Which of an array's contiguous subarrays is an algorithm best applied to?

Question

A function $f$ accepts two equally-long arrays $A$ and $B$ as input, and returns a real number $s$ such that the root mean square of $A-sB$ is minimal.

I'm hoping to come up with a better-than-brute-force approach to the following problem:

Given a pair of equally-long ($n \sim 10^7$) arrays $C,D$ of numbers from the interval $[-1,1]\subset\mathbb{R}$, how are array indices $i,j$ chosen that satisfy

a) $j-i \gtrsim 10^4$

b) $s=f\left(C[i\dots j],D[i\dots j]\right)$ is 'optimal', in the sense that if indices $k,l$ satisfy $k\leq i<j\leq l$, then

$$\text{RMS}(C[i\dots j]-sD[i\dots j]) \leq \text{RMS}(C[i\dots j]-s'D[i\dots j])$$

where $s'=f\left(C[k\dots l],D[k\dots l]\right)$.

(I'm hoping that by recursing on the subarrays to the left and right of these 'optimal' subarrays, the entirety of the pair of large arrays can be processed... 'optimally'.)
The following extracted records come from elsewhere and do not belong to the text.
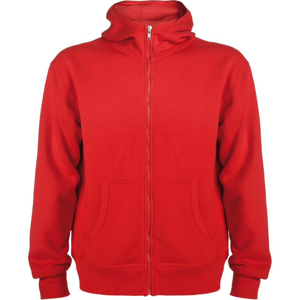 Mikina s kapucí a klokaní kapsou, celopropínací na zip. Lemování kapuce, kapes, rukávů a spodní okraj v žebrovaném úpletu 2x2.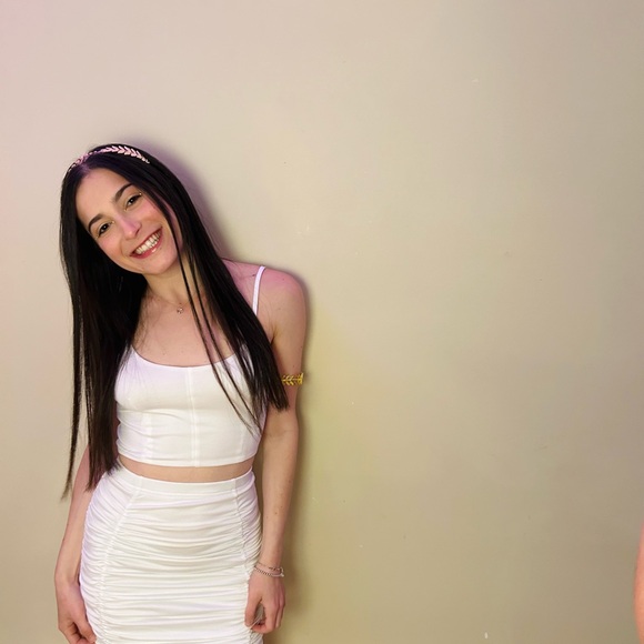 Stylish white two-piece set with ruched detailing. Perfect for any occasion.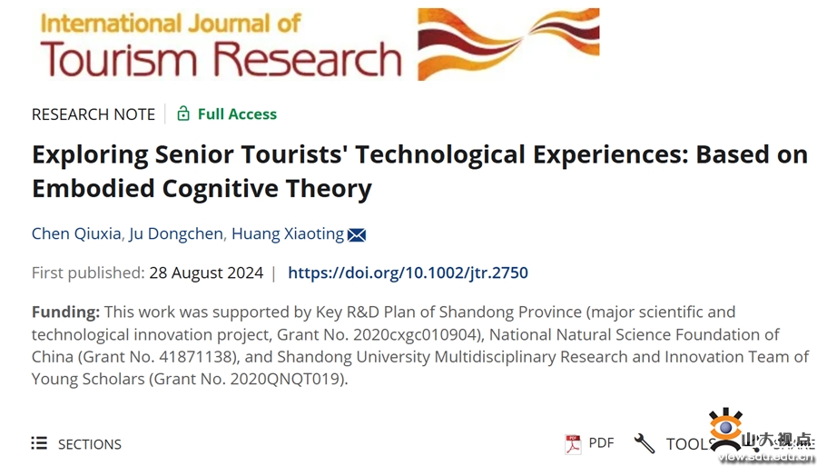 [本站讯]近日,管理学院黄潇婷教授的博士研究生陈秋霞在国际期刊International Journal of Tourism Research(SSCI,Q1,IF/2023: 4.1)在线发表及其团队最新研究成果“Exploring Senior Tourists' Technological Experiences: Based on Embodied Cognitive Theory”。黄潇婷教授为通讯作者,陈秋霞为第一作者,硕士研究生鞠东辰为第二作者,山东大学为第一作者和唯一通讯作者单位。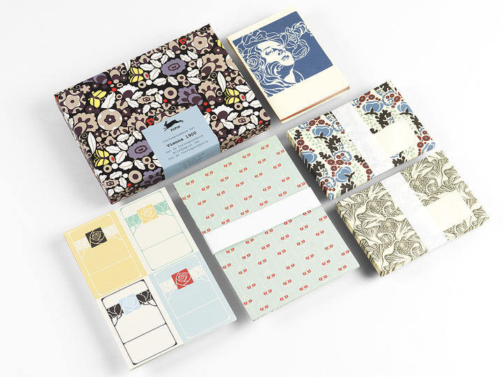 40 sheets (A5), 20 envelopes (C6), 8 greeting cards (A5 folded to A6) and 30 stickers and labels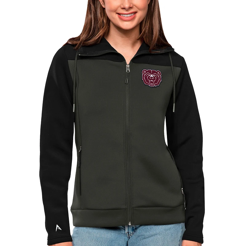 Women's Antigua Black/Charcoal Missouri State University Bears Protect Full-Zip Jacket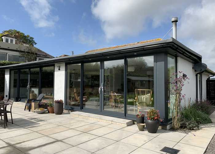 Modarc were recommended to the clients by a local estate agent to create a modern extension to the rear of an existing bungalow in Lyme Regis, Dorset. The bungalow had not been touch for a number of years, but boasted a south facing rear garden and stunning views across the Lyme Bay around the Jurassic Coastline. At Modarc we gained planning permission for a stunning rear extension, that extended across the full width of the bungalow, with picture windows to give different vantage points to the view. The open plan space has direct access on to the landscaped rear garden.
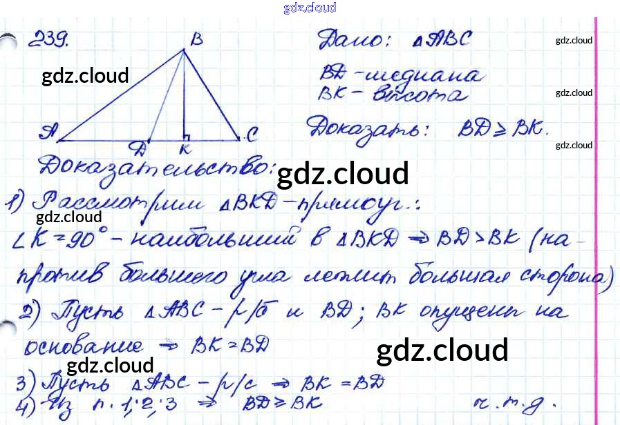 Ответ на задание 239 Учебник Геометрия за 7, 8, 9 (седьмой, восьмой, девятый) класс Атанасян, Бутузов, Кадомцев 2010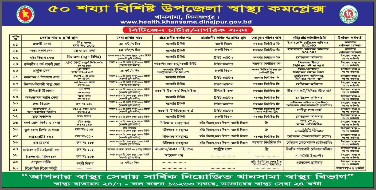 উপজেলা স্বাস্থ্য কমপ্লেক্স -এর সিটিজেন চার্টার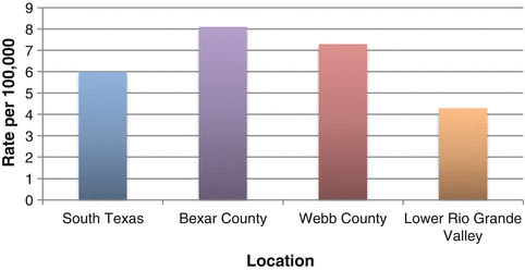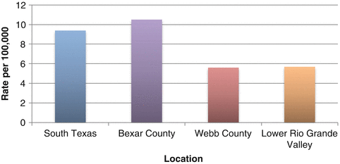 Suicide mortality rates in selected South Texas locations, 2005–2009. Source: Center for Health Statistics Data Management Team, Texas Department of State Health Services

I'll be grateful for even a piece of jargon describing the abstract approach this is surely an instance of. Apologies for notational abuses and not-entirely-appropriate title - hope the point is clear.

Answer 1

As per GrapefruitIsAwesome's answer, solving the RMS problem is fairly trivial even with large arrays. The part with the subarrays seems equally trivial: If $s$ minimizes the RMS difference between $C[i…j]$ and $D[i…j])$ then

$$\text{RMS}(C[i\dots j]-sD[i\dots j]) \leq \text{RMS}(C[i\dots j]-s'D[i\dots j])$$

will always be true regardless of how you define $s'$. That's the whole point of "minimization": the RMS difference will be the smallest it can be.

Answer 2

Let $$f(s) = \sqrt{\sum_{n=1}^{N} \left(A_n - s B_n\right)^2}$$

Find $s$ that minimizes $f(s)$

As the function is strictly positive we can square both sides without affecting the result so: $$g(s) = \left[f(s)\right]^2 = \sum_{n=1}^{N} \left(A_n - s B_n\right)^2$$

So minimizing $g(s)$ with respect to s will yield the same answer for $s$.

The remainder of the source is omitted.